*** Opening of THE RECORDS ***

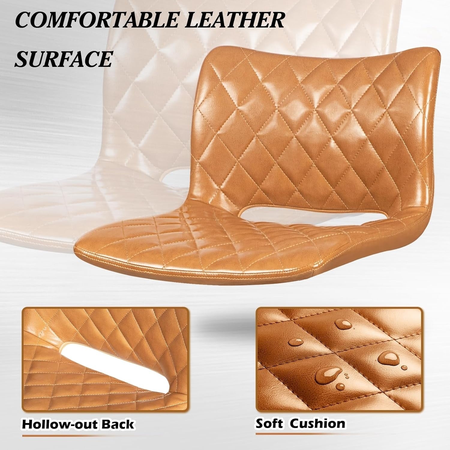 These bar stools combines a novel and fashionable design with great comfort and durability, streamlined leather seat. Constructed with polished chrome base and footrest, and the soft seat provide a long time comfort. The height can be adjusted at will, whether it is a home kitchen island or a bar, the height is suitable, the imitation leather furniture has attractive retro colors and a sturdy frame, and the 360° rotating design creates the most comfortable experience for you.
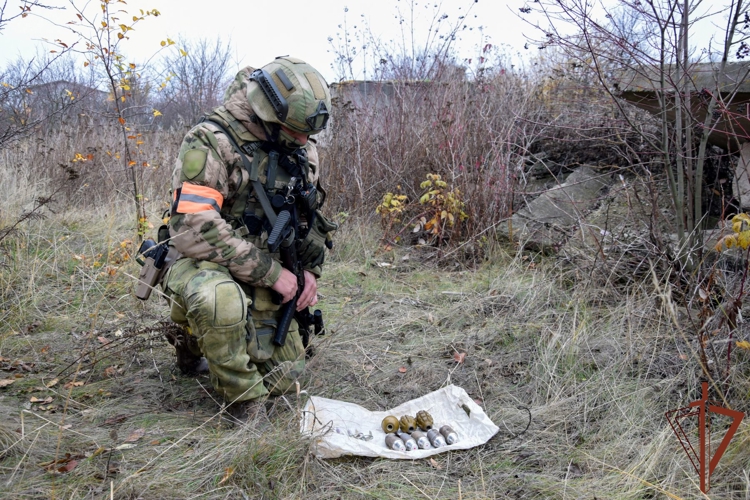 Саперы Росгвардии изъяли из тайника гранаты и осколочные боеприпасы для гранатомета.
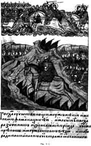 При описании Куликовской битвы в "Сказании о брани благо-вернаго князя Димитриа Ивановича с нечестивым царем Мамаем еллинским" сообщается, что ночью перед началом сражения воин Фома из войска Дмитрия Донского был поставлен на стражу на реке Чуре, на Михайлове. Ему было небесное видение, о чем он сообщил князю. Вот этот фрагмент: "В ту же нощь некто разбойник был именем Фома от великого князя на реци на Чюру на Михаилови мужества его ради, на крепком стражи стоя от поганых". На рис. 9.11 мы приводим старинное изображение этого сюжета из "Повести о Куликовской битве" (текст и миниатюры Лицевого Свода XVI века). Река Чура изображена на миниатюре слева внизу.
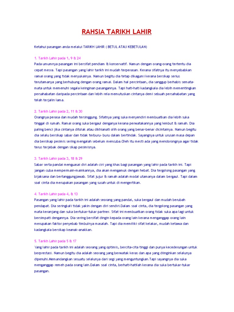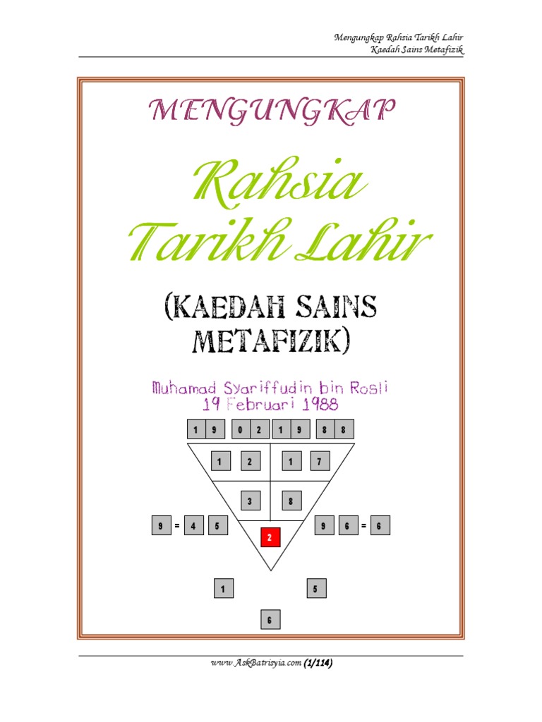 Jangan berlengah lagi, segera buat keputusan sekarang. Karakter dari zodiak rising sign merupakan versi dirimu yang pertama dilihat seseorang. Dia adalah seorang pasangan yang tidak mahu kalah dan pantang menyerah. Metafizik penomboran rahsia tarikh lahir, analisa potensi secara online, murah dan jimat masa! What does your birth date mean? Text of rahsia tarikh lahir. Ungkaikanlah rahsia tarikh lahir anda dan praktik kan strategi yang telah diberikan untuk mencapai matlamat anda. Laporan rahsia tarikh lahir lengkap ini akan membuat anda lebih mengenali diri anda sendiri dengan lebih mendalam. Selepas melakukan kajian selama beberapa tahun, dato' dr. Ayuh, bangkitlah untuk mendapatkan satu kehidupan yang cemerlang dan gemilang. Fadzilah kamsah berjaya mencungkil rahsia tarikh lahir dan kaitannya dengan personaliti seseorang! Pendek kata, tarikh lahir individu perlulah disusun mengikut format ab.cd.efgh. Ebook the science of getting rich (setebal 77 ms) 3.
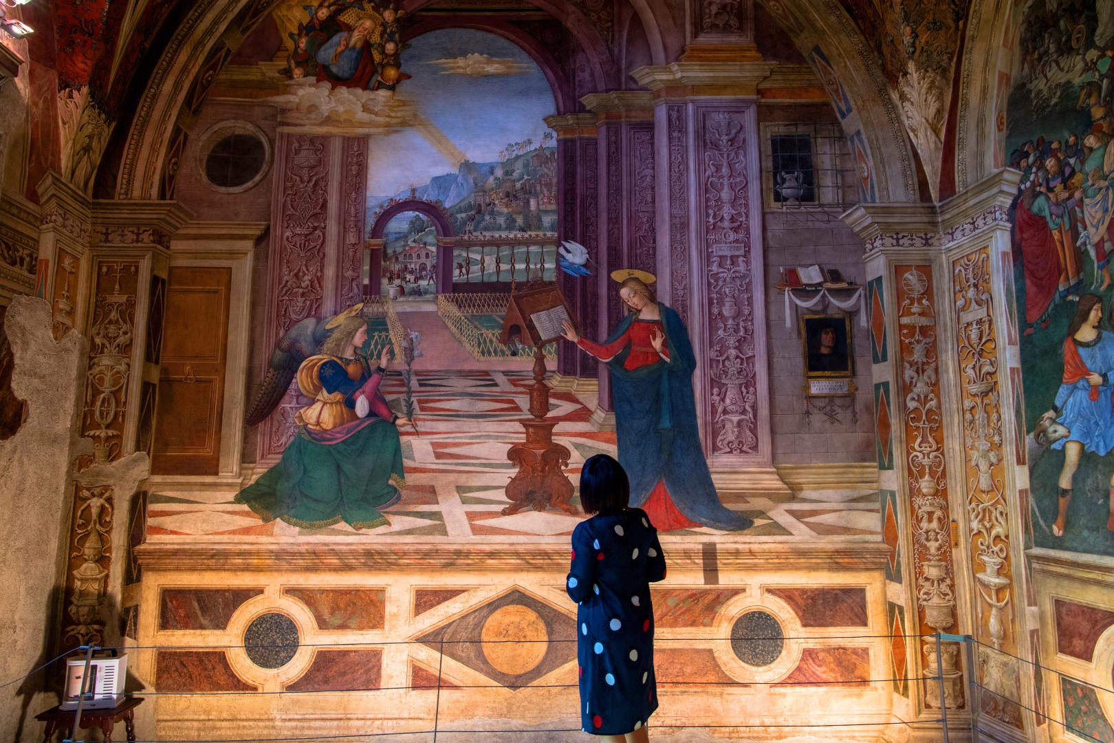 The Church of St. Maria Maggiore will be enhanced by installations of floating floors, lighting and audiovisual supports to create a guided visit “within” the frescoes of the famous Baglioni Chapel. The result is a new perception of the genius loci and of the deep religious and spiritual meaning of artworks that have been recognized not only as the masterpieces of Pinturicchio, but also among the greatest masterpieces of the entire Italian Renaissance.
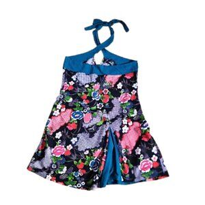 Schwiing black & teal floral halter dress
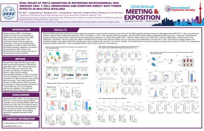We performed single-cell RNA sequencing to profile mitochondrial pathways in MM-derived and healthy CD8+ T cells. Genetic silencing of XBP1s/SLC38A2 was coupled with flow cytometric quantification of mitochondrial reactive oxygen species (mtROS). Pharmacological inhibition of IRE1α (compound 17#) was evaluated for its dual effects on T cell rejuvenation and MM suppression using nutrient-deprived primary T cells, patient-derived BM samples, and MM cell lines. RNA sequencing was employed to disclose pathway alterations in T cells treated with 17#. The therapeutic potential was validated in the genetically engineered Vk*MYC mouse model.
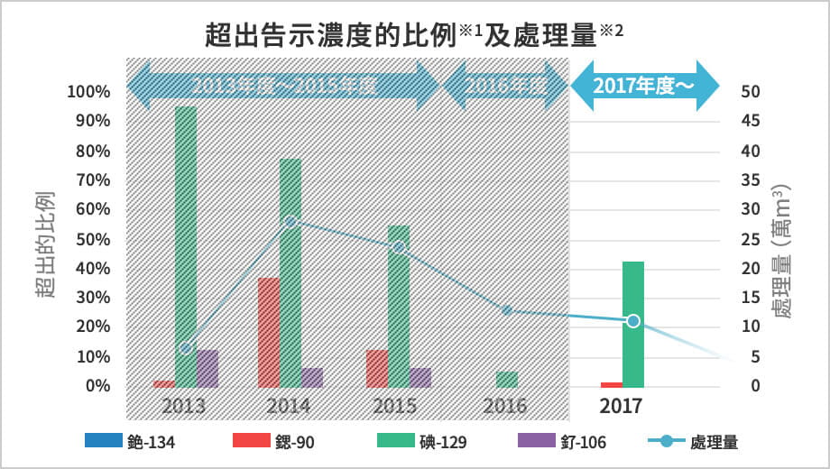 利用多核種去除設備的淨化能力進行了處理,與2013年〜2015年相比,各個核種超出告示濃度的發生比例減少了。
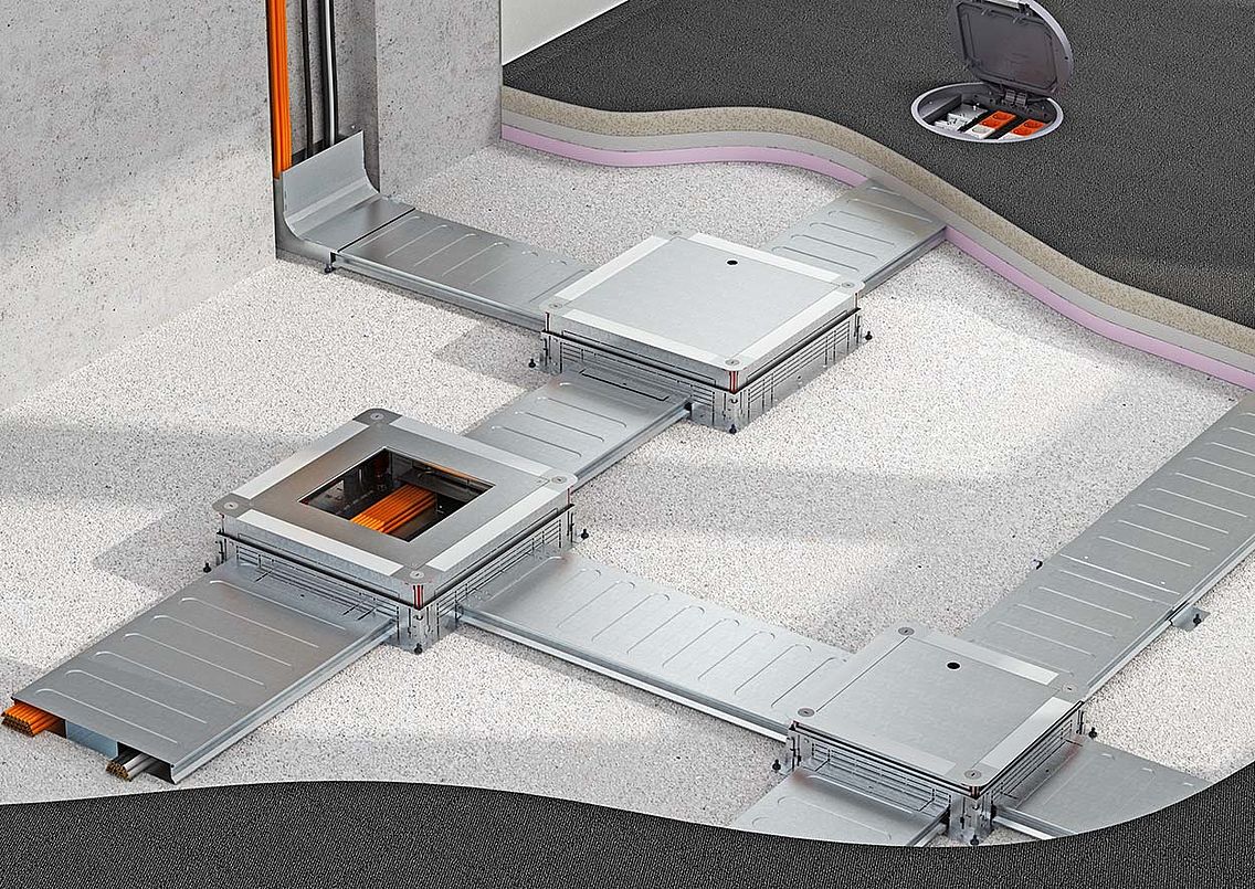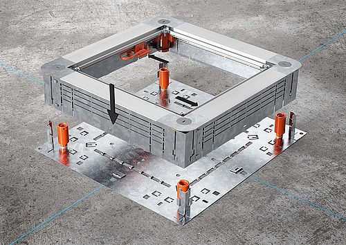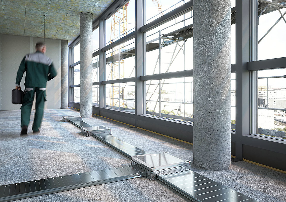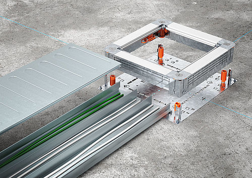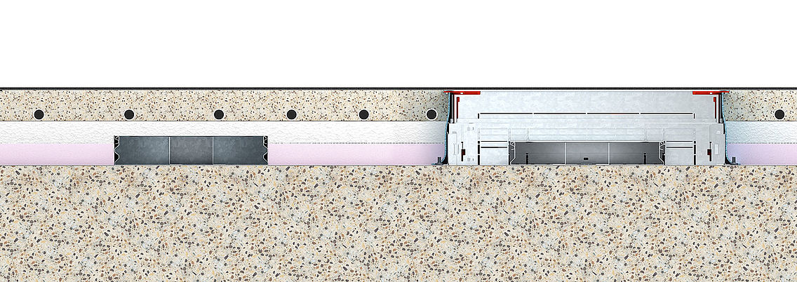 O robusto sistema mostra os seus pontos fortes durante a fase de construção. Este está sempre completamente fechado durante toda a montagem. As caixas de pavimento são protegidas pela tampa de proteção de montagem. Deste modo, nenhum corpo estranho pode entrar no sistema e o espaço interior permanece limpo. No seu estado normal, as caixas cobrem uma vasta amplitude de nivelamento, de 80 a 160 mm de altura de pavimento. Outra vantagem: podem ser desacopladas para que as caixas de pavimento flutuem no pavimento. Este desacoplamento evita fissuras no piso e no revestimento do pavimento adjacente.

*** Close of THE RECORDS ***

▸ **REQUIREMENT**
Retype, exactly as written, each line from the one containing "Schwiing black & teal floral halter dress" through the end of the data above, and leave out every picture.

▸ **SOLUTION TO THIS EXERCISE**
 Schwiing black & teal floral halter dress
We performed single-cell RNA sequencing to profile mitochondrial pathways in MM-derived and healthy CD8+ T cells. Genetic silencing of XBP1s/SLC38A2 was coupled with flow cytometric quantification of mitochondrial reactive oxygen species (mtROS). Pharmacological inhibition of IRE1α (compound 17#) was evaluated for its dual effects on T cell rejuvenation and MM suppression using nutrient-deprived primary T cells, patient-derived BM samples, and MM cell lines. RNA sequencing was employed to disclose pathway alterations in T cells treated with 17#. The therapeutic potential was validated in the genetically engineered Vk*MYC mouse model.
 利用多核種去除設備的淨化能力進行了處理,與2013年〜2015年相比,各個核種超出告示濃度的發生比例減少了。
 O robusto sistema mostra os seus pontos fortes durante a fase de construção. Este está sempre completamente fechado durante toda a montagem. As caixas de pavimento são protegidas pela tampa de proteção de montagem. Deste modo, nenhum corpo estranho pode entrar no sistema e o espaço interior permanece limpo. No seu estado normal, as caixas cobrem uma vasta amplitude de nivelamento, de 80 a 160 mm de altura de pavimento. Outra vantagem: podem ser desacopladas para que as caixas de pavimento flutuem no pavimento. Este desacoplamento evita fissuras no piso e no revestimento do pavimento adjacente.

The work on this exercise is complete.